Understanding the domain and range is vital for graphing a circle as it shows the horizontal and vertical extents on the coordinate plane.

To graph a circle, begin by identifying its equation in the form \((x-h)^2 + (y-k)^2 = r^2\). This gives you all the necessary information: the center \((h, k)\) and the radius \(r\). For the equation \((x+3)^2 + (y+2)^2 = 36\), it's clear that the center is \((-3, -2)\) and the radius \(r\) is 6.

• Step-by-Step Graphing:
  • Locate the Center: Plot the point \((-3, -2)\) on a coordinate plane.
  • Use the Radius: From the center, move 6 units in every direction (up, down, left, and right) to help sketch the circle.
  • Sketch the Circle: Connect these boundary points to form the circular shape.
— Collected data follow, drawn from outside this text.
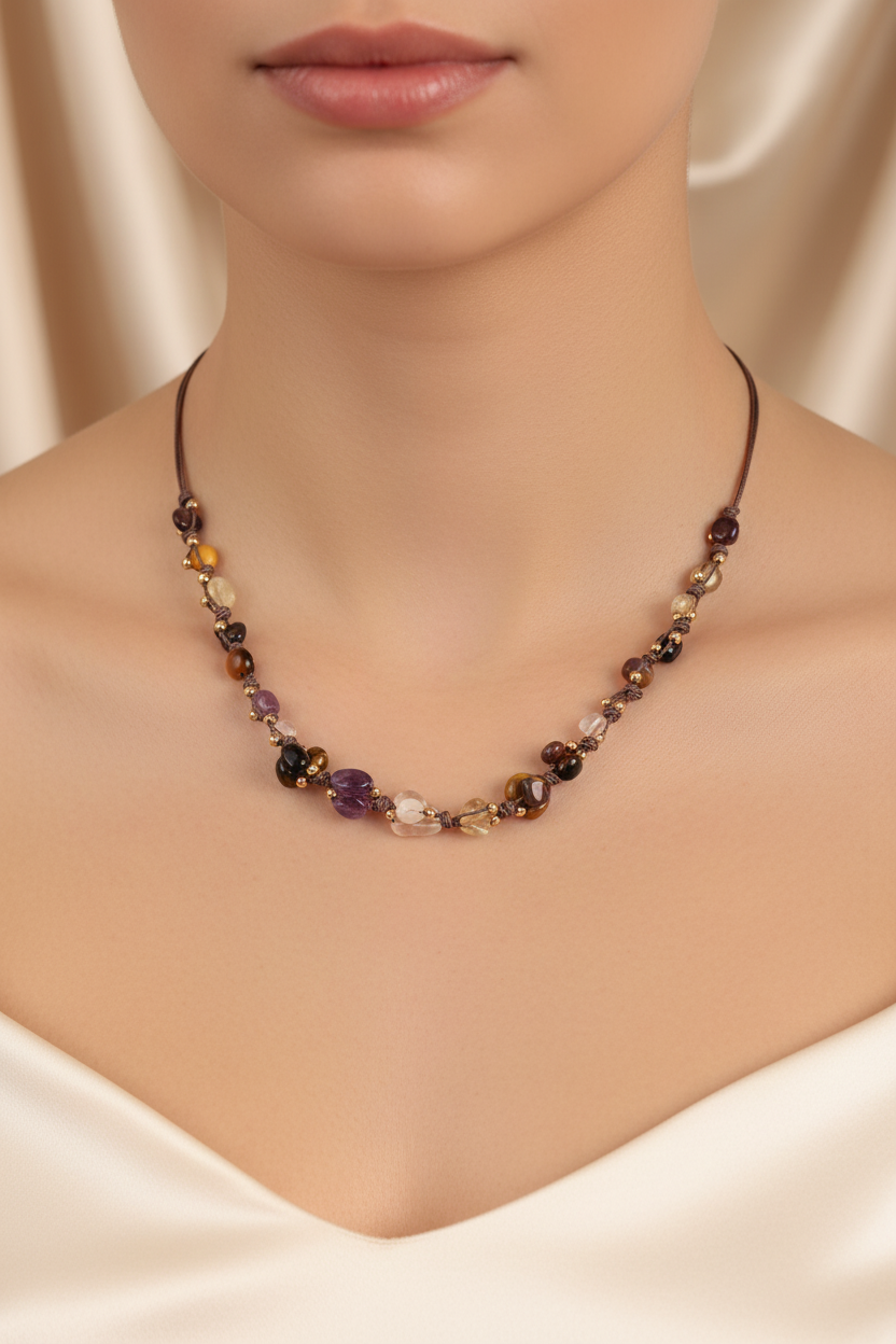 El işçiliğiyle hazırlanmış ayarlanabilir makrome örgü tasarım, farklı boyun ölçülerine kolayca uyum sağlar. Günlük kullanımda da özel anlarda da şık bir tamamlayıcıdır.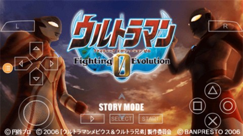 安装《奥特曼格斗进化0》中文版手机版之后,点击进入游戏。在首页,利用左侧的上下箭头挑选模式,接着在右侧的圆圈按钮上进行确认。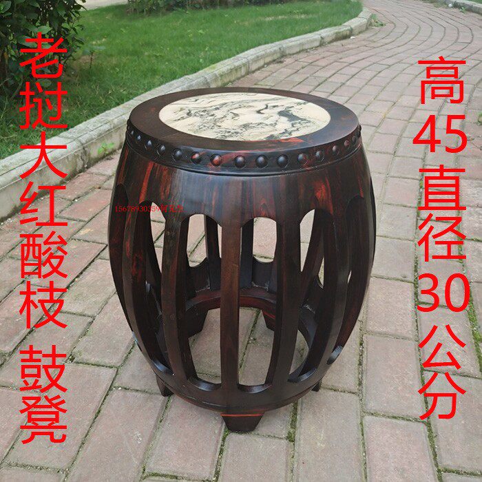 Mahogany drum stool Liao guo da red sour branch mortise structure drum pier cross toe yellow sandalwood piano table stool mahogany furniture

Graphing circles is a straightforward process once you break down its components and follow the steps carefully.

The center of a circle is a crucial point that defines its position in space. It's represented by the coordinates \((h, k)\) in the circle's equation \((x-h)^2 + (y-k)^2 = r^2\). For the circle equation \((x+3)^2 + (y+2)^2 = 36\), we determine the center as \((-3, -2)\).
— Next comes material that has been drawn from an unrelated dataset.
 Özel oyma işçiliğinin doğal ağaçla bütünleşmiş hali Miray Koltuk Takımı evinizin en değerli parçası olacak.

• Understanding the Center: The values \(h\) and \(k\) are found by rewriting the terms \((x+3)^2\) and \((y+2)^2\) as \((x - (-3))^2\) and \((y - (-2))^2\), revealing the negative shifts from the origin.
• Role of the Center: It acts as a pivot for drawing the circle, ensuring it maintains a consistent radius. It's essentially the middle point that the whole circle revolves around.

The center makes it simple to find the domain and range and is the anchoring point for the circle's shape.
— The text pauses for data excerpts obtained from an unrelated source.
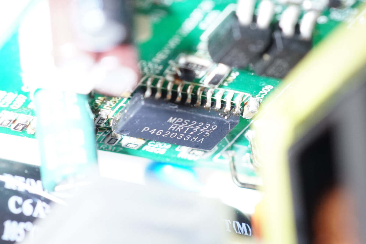 电源主控芯片来自MPS芯源半导体,型号HR1275,这是一款集成了CrM/DCM的多模式PFC+LLC二合一控制器。该芯片可通过 UART 接口进行配置,根据需求调节参数,优化电源设计。该芯片空载功耗低于 85mW,启动时采用高压电流源,并可通过智能 X 电容器在交流掉电期间进行放电。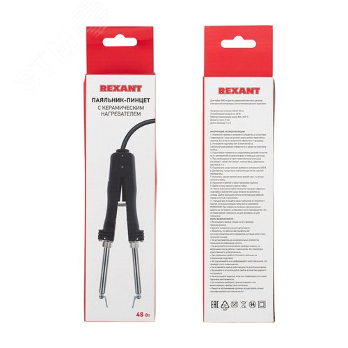 Паяльник-пинцет с керамическим нагревателем, 220 В/48 Вт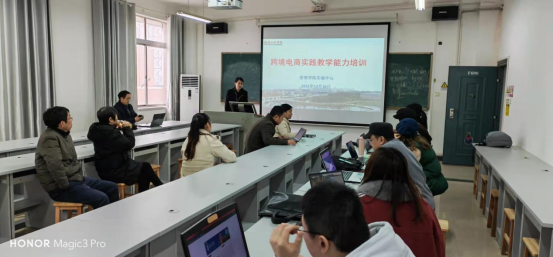 为实现管理学院“新商科”产教融合式发展目标,积极推动课堂教学数字化、实验基地智能化建设,全面提升0638太阳集团官网新商科专业群实训教学数智化水平,管理学院于2021年12月16日下午3点,在电子商务创新创业实验室举行了一次“跨境电商实践教学能力培训会”,管理学院电子商务、市场营销、大数据应用与管理等多个专业教研室老师参与了本次教学培训。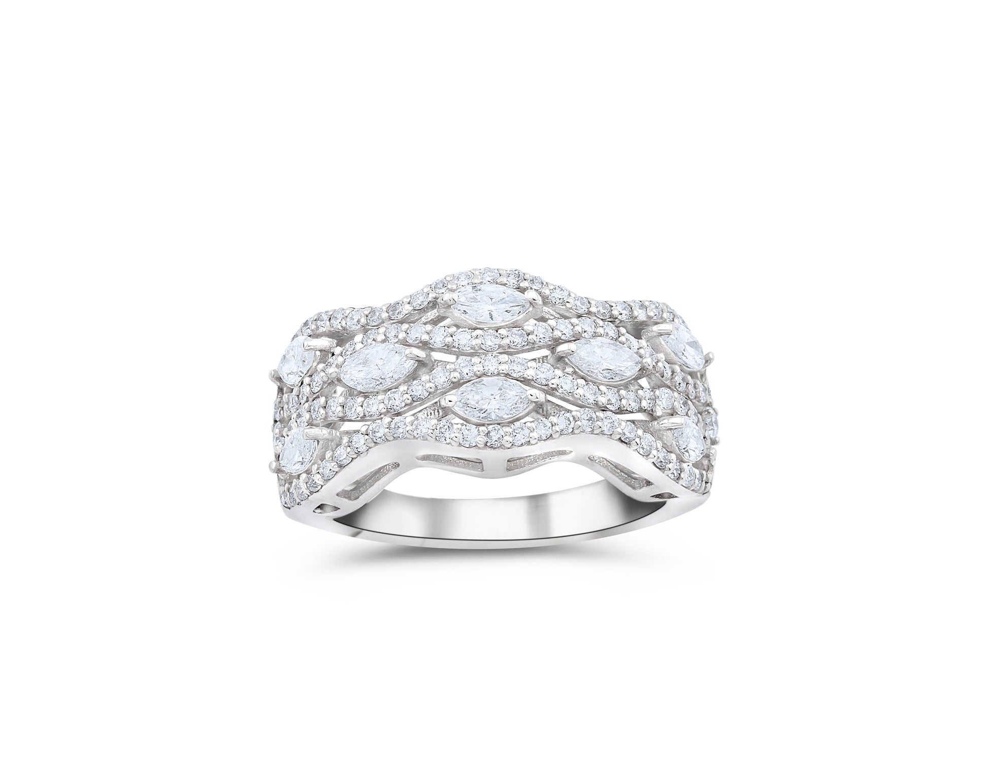 14K White Gold Diamond Anniversary Ring 1.5 Ct

The radius is the distance from the center of the circle to any point on its perimeter. Represented by \(r\) in the standard circle equation \((x-h)^2 + (y-k)^2 = r^2\), it plays a critical role in defining the size of the circle. From the given equation \((x+3)^2 + (y+2)^2 = 36\), we identify the radius \(r = \sqrt{36} = 6\).

• Calculating the Radius: The equation equates to \(r^2\), so solve for \(r\) by computing the square root of that constant on the right side of the equation. In our case, it's \(36\), so \(r = 6\).
• Importance of the Radius: This distance determines how far each point on the circle's edge spreads from its center. A larger radius means a larger circle.

Understanding the radius is key to both graphing and comprehending the circle's basic properties.